A lot of projects were like that 20-30 years ago. Reaching the ‘maintenance mode’ state was a badge of honour: you had achieved your goals and no one else needed to reinvent the wheel. New things could be built as external projects. The last few decades have seen a push towards massive too-big-to-fork projects that have external interfaces that the rest of the ecosystem needs to integrate with, which are complex and lead to tight coupling.

@david_chisnall
"Too big to fork" is the new "too big to fail"

RE: https://infosec.exchange/@david_chisnall/116272193136749031

If pots and pans were tinkers' hands, there'd be no work for forks and fans.

#brokenadage

@david_chisnall i don't like "if you don't like it, fork it", but other than that, agreed
@SRAZKVT @david_chisnall how about " 'f you dont like it then you shoulda made a fork of it"?
@SRAZKVT @david_chisnall ...yes, but to the tune of a Beyoncé song.
I'm sorry, I'll see myself out
@david_chisnall I think it also leads to big projects only being understandable to full time developers, and so more vulnerable to 'corporate capture', e.g. 99% of the development is done by developers that are being paid/sponsored by large corporations and then it's less a community and more a corporate project.
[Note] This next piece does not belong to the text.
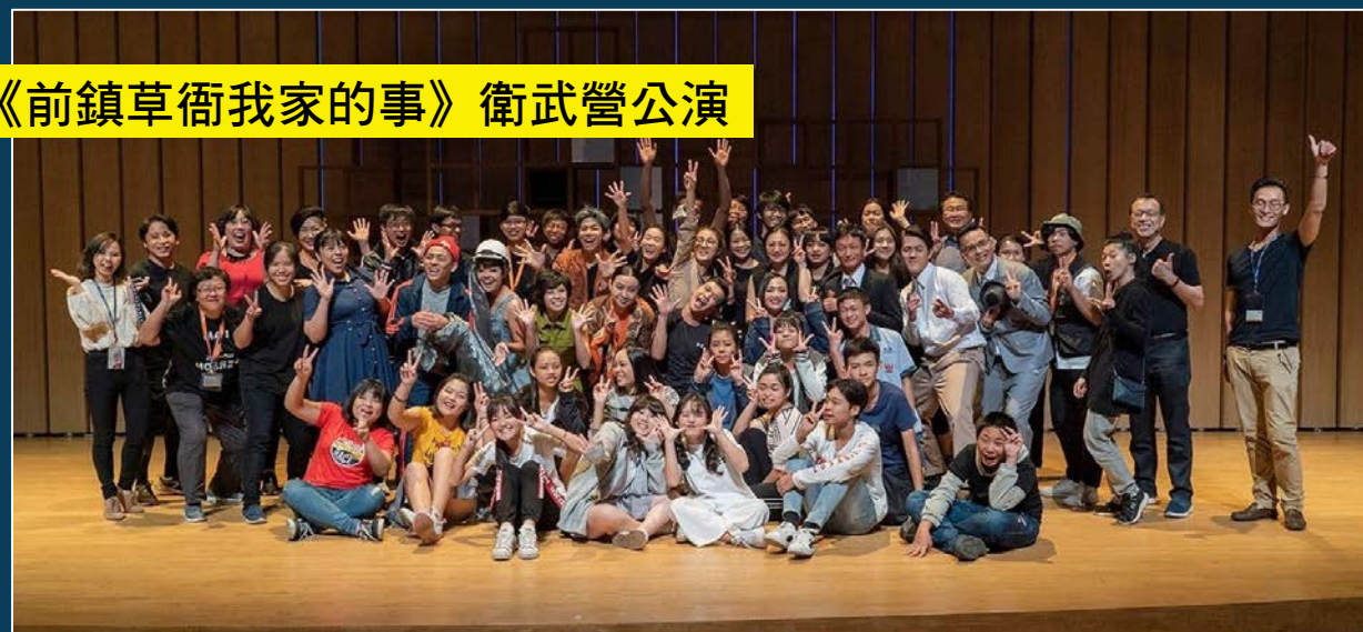
《前鎮草衙我家的事》衛武營公演

And that's fine and it's great to be able to use it for free, but does that introduce conflicts of interests and decisions that are possibly less end user friendly and more corporate friendly.
@david_chisnall there need to be more posts that mention cohesion and coupling. "high cohesion, low coupling" was a foundation of my academic years, and I'm frequently disappointed that it's not a more common mantra in software.

@david_chisnall i'm ambivalent about it. fossilized stuff like x11 has been subject to fascist takeover (enabled by the things you list). doesn't seem like a universally good outcome

(this is just the "how replaceable should labor be" discussion all over again, but less corporate now)

@david_chisnall the obvious answer is "labor i like should not be replaceable but labor i dislike should be" which doesn't yield itself for philosophical fedi posts, just actions

@whitequark

I’m not sure that’s true. One of the reasons that Wayland exists is that even the authors of X.org don’t think the codebase is maintainable. The XLibre people don’t seem to actually be making many improvements.